BEGIN INFORMATION SUPPLIED
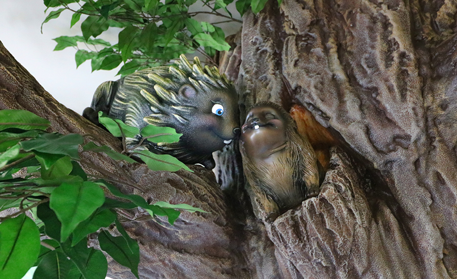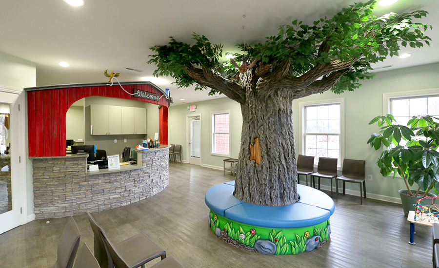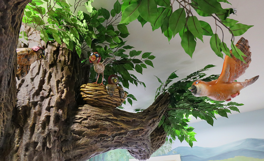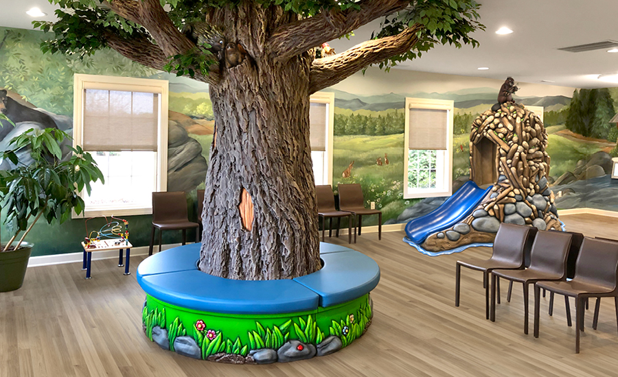 In the waiting area you’ll find an impressive floor-to-ceiling tree trunk circular bench. Carved with realistic bark details and complete with foliage, the trunk features a group of cute animals within its branches. A nest of baby Carolina wrens and adopted turkey chick prep for their first flights, while their mother flies by in encouragement. Beside them is a mother porcupine nuzzling her own adorable baby! Seating like this is an excellent way to create a dazzling themed centerpiece for your office without taking up extra floor space. It also makes for a great way to pass the time while patients take pictures as they wait for treatment.
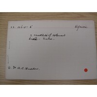 [Source - Nessa Leibhammer for FHYA, 2012, using MAA materials: There were separate Ethnographical and Archaeological accession registers which ran concurrently from 1884 - 1917, with the ethnographic accessions numbered using the following format: ‘E’ and then ‘year accessioned’ followed by sequential numbering, e.g. E 1912.123. A single register was used from 1917 with no letter prefix, using the format of 'year accessioned' followed by sequential numbering. The Museum’s second curator Louis Clarke instigated a Z Register in January 1923, accessioning and entering objects that had not been recorded in the year of acquisition or that needed to be renumbered. These items were given Z numbers, using a ‘Z’ prefix and then sequential numbers, e.g. Z 1234. This numbering system for un-accessioned items found in the museum continued along side the normal accessioning procedure, using the relevant year of entry, until the late 1990s.]
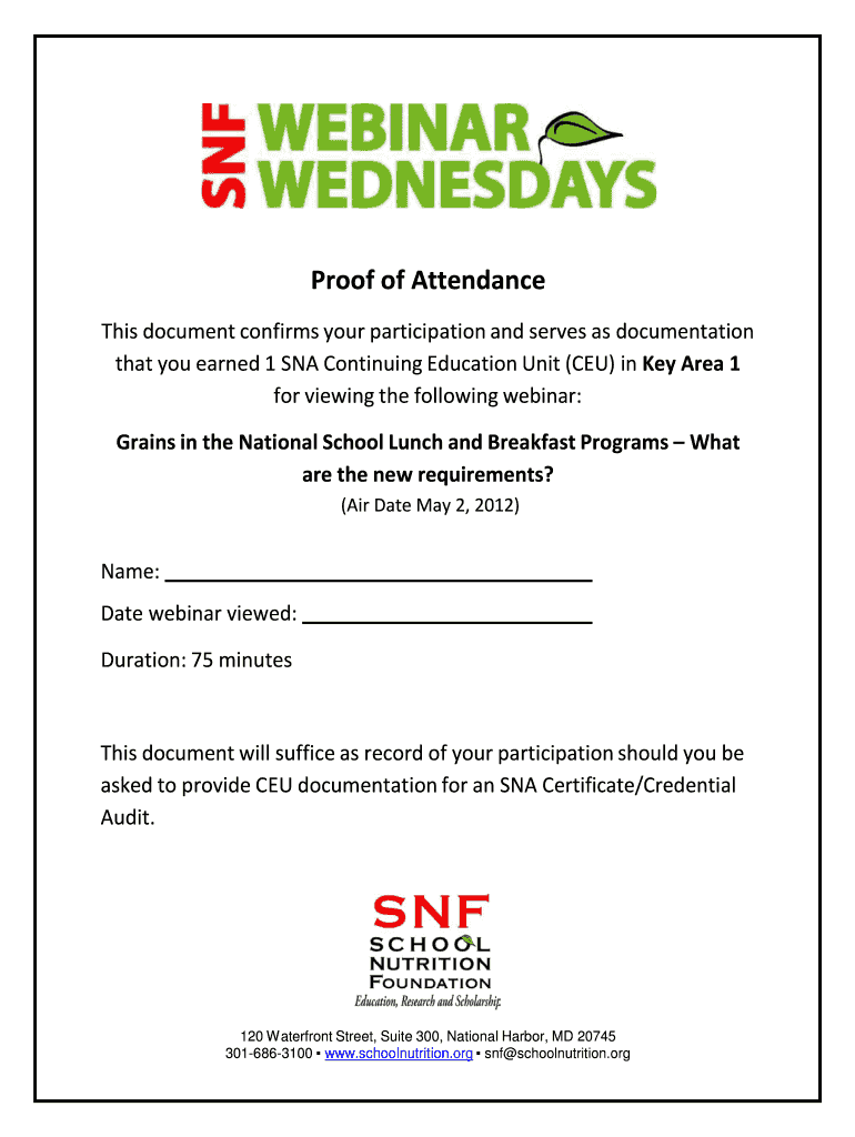 Proof of Attendance This document confirms your participation and serves as documentation that you earned 1 SNA Continuing Education Unit (CEU) in Key Area 1 for viewing the following webinar: Grains
END INFORMATION SUPPLIED
REQUIREMENT: Without including any picture, copy the listing above exactly and in full.

COMPLETED EXERCISE:
 In the waiting area you’ll find an impressive floor-to-ceiling tree trunk circular bench. Carved with realistic bark details and complete with foliage, the trunk features a group of cute animals within its branches. A nest of baby Carolina wrens and adopted turkey chick prep for their first flights, while their mother flies by in encouragement. Beside them is a mother porcupine nuzzling her own adorable baby! Seating like this is an excellent way to create a dazzling themed centerpiece for your office without taking up extra floor space. It also makes for a great way to pass the time while patients take pictures as they wait for treatment.
 [Source - Nessa Leibhammer for FHYA, 2012, using MAA materials: There were separate Ethnographical and Archaeological accession registers which ran concurrently from 1884 - 1917, with the ethnographic accessions numbered using the following format: ‘E’ and then ‘year accessioned’ followed by sequential numbering, e.g. E 1912.123. A single register was used from 1917 with no letter prefix, using the format of 'year accessioned' followed by sequential numbering. The Museum’s second curator Louis Clarke instigated a Z Register in January 1923, accessioning and entering objects that had not been recorded in the year of acquisition or that needed to be renumbered. These items were given Z numbers, using a ‘Z’ prefix and then sequential numbers, e.g. Z 1234. This numbering system for un-accessioned items found in the museum continued along side the normal accessioning procedure, using the relevant year of entry, until the late 1990s.]
 Proof of Attendance This document confirms your participation and serves as documentation that you earned 1 SNA Continuing Education Unit (CEU) in Key Area 1 for viewing the following webinar: Grains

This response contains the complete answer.